Do renters need more government help? | WORLD
Logo
Sound journalism, grounded in facts and Biblical truth | Donate

Do renters need more government help?

0:00

WORLD Radio - Do renters need more government help?


MARY REICHARD, HOST: It’s Tuesday the 16th of February, 2021.

Glad to have you along for today’s edition of The World and Everything in It. Good morning, I’m Mary Reichard.

NICK EICHER, HOST: And I’m Nick Eicher. First up: COVID-19 and rent.

Since last March, most renters who miss payments cannot be evicted. It’s part of an order under the government’s broad authority to curb the spread of disease. This COVID order extends through March 31st.

REICHARD: Additionally, those who can’t pay can apply for help through a rental assistance program approved by Congress last year. It includes about $25 billion for qualified tenants. 

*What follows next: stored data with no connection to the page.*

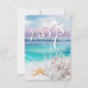 Rosa och lavandesoluppgång himlar med puffa moln, soluppgången börjar precis reflektera över havet vinkart. Söt koral, öppna ostron med pärlor inuti den här inbjudningsdesignen. Inställning av tropisk kuststrand för den perfektens bröllop eller destinationsö bröllop.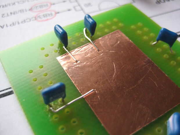 Luego necesitas meter las patas del condensador a través de la Junta del adaptador con una pierna del condensador a través de la alimentación positiva (a ser desconectados) agujero y la otra pierna colocan a través de la conexión del pin de tierra. Esto es bastante fácil con los PIC18F desde el poder y las conexiones a masa están generalmente cercanas.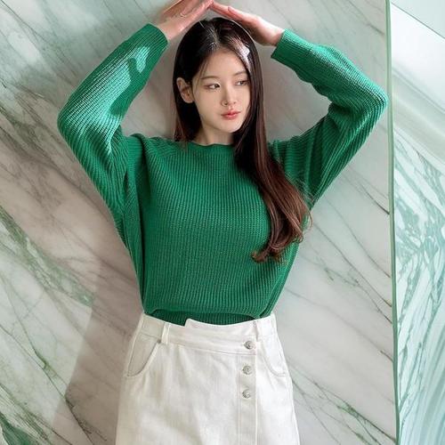 [다잇템]여자 라글란 라운드 분홍색 노랑색 SS 니트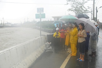 大水淹進(jìn)了丸山路住家,縣長(zhǎng)呂國(guó)華和鄉(xiāng)長(zhǎng)張秋明挨家挨戶(hù)敲門(mén)勸住戶(hù)撤離。軍方出動(dòng)一百五十多名人力,協(xié)助堆砂包,清淤塞。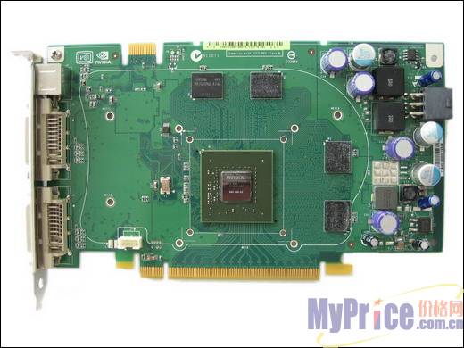 华硕NX8600GTS采用核心和显存供电分离的方案,显卡尾部有大量高品质固态电容,为显卡提供了充沛的电力,并且使显卡的使用寿命大大延长。GeForce 8600GTS的标称功耗为71W,PCI-E接口提供的75W已经可以满足需求,不过考虑到超频的需要,华硕仍旧提供了一个6PIN的外接电源接口。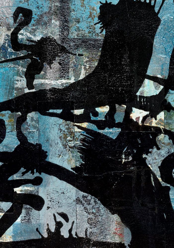 Das abstrakte Bild zeigt gedruckte schwarze Farbspuren auf lebhaftem Untergrund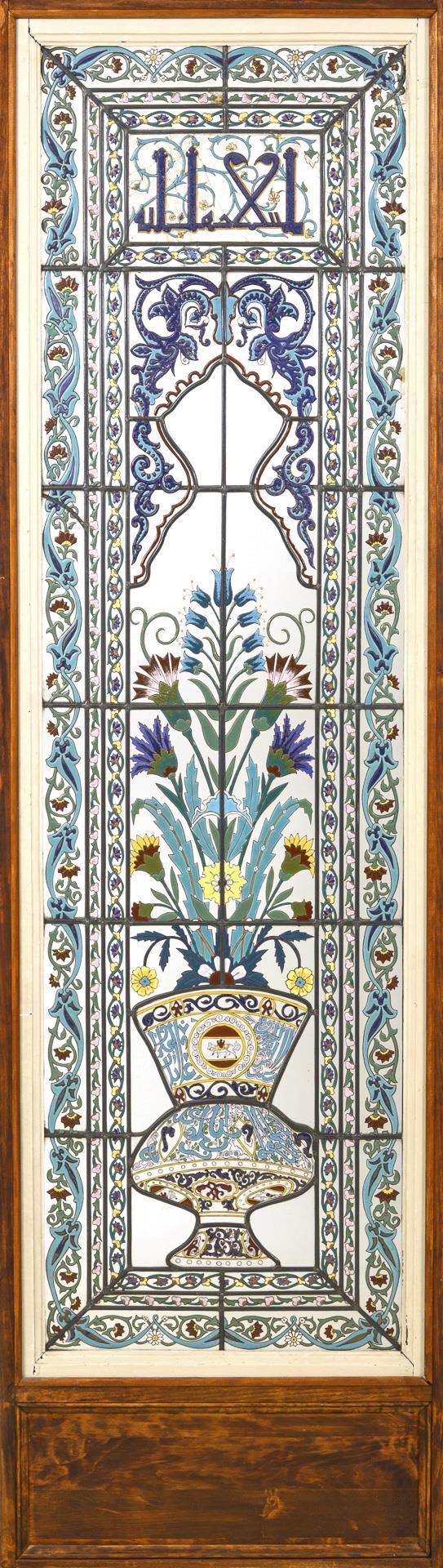 Rechteckiges Fenster mit erhabener Emailmalerei im Stil der türkischen İznik-Keramik: gerahmt von einer Floral- und Ornamentbordüre eine Moscheeampel mit stilisiertem Blumenbukett, als Bekrönung pseudoarabische Schriftzeichen. Partiell geklebte Sprünge und eine Reparatur.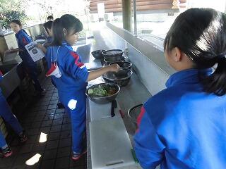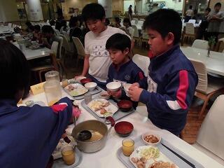 初めての海浜自然の家での食事です。食事係を中心にバイキングで形式でいただきました。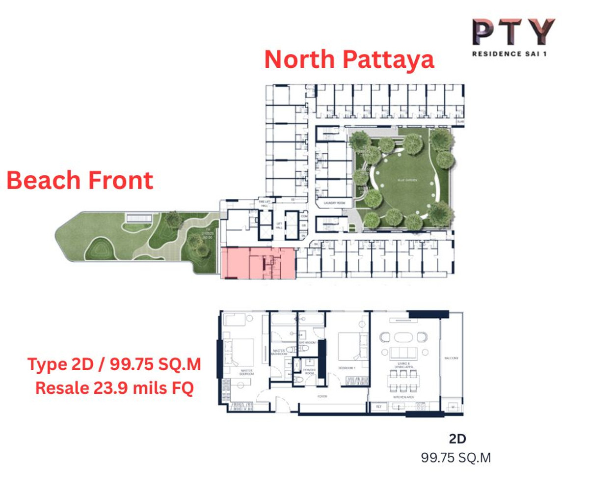 Beachfront Luxury Condo – PTY Residence Sai 1 Pattaya Conner unit with Sea and Garden views 2 Bedrooms | 2 Bathrooms | 99.75 SQM | Beachfront View 💰 23.9 Million THB | Foreign Quota – ✨ Highlights: Pr
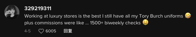 “在奢侈品店工作真的很爽,我还留着我在Tory Burch的制服,当时我半个月也领着超1500刀的薪水。”

And the assistance fund could soon grow: President Biden’s proposed stimulus package promises another $30 billion for renters and landlords.

EICHER: Is all that federal rent assistance really necessary? WORLD’s Sarah Schweinsberg reports.

SARAH SCHWEINSBERG, REPORTER: Aden Batar works with more than 100 refugee families in the Salt Lake City area. His agency, Catholic Community Services, helps them get settled. 

BATAR: When they arrive, it is our responsibility to find housing for them wherever we can find it. 

How many of these families live in rental housing? 

BATAR: All of them. 

Batar says the refugee community has had a difficult year. Most refugees work in service and labor-intensive jobs making $10 to $15 an hour. Most rent a three bedroom apartment for around $1,500 a month. 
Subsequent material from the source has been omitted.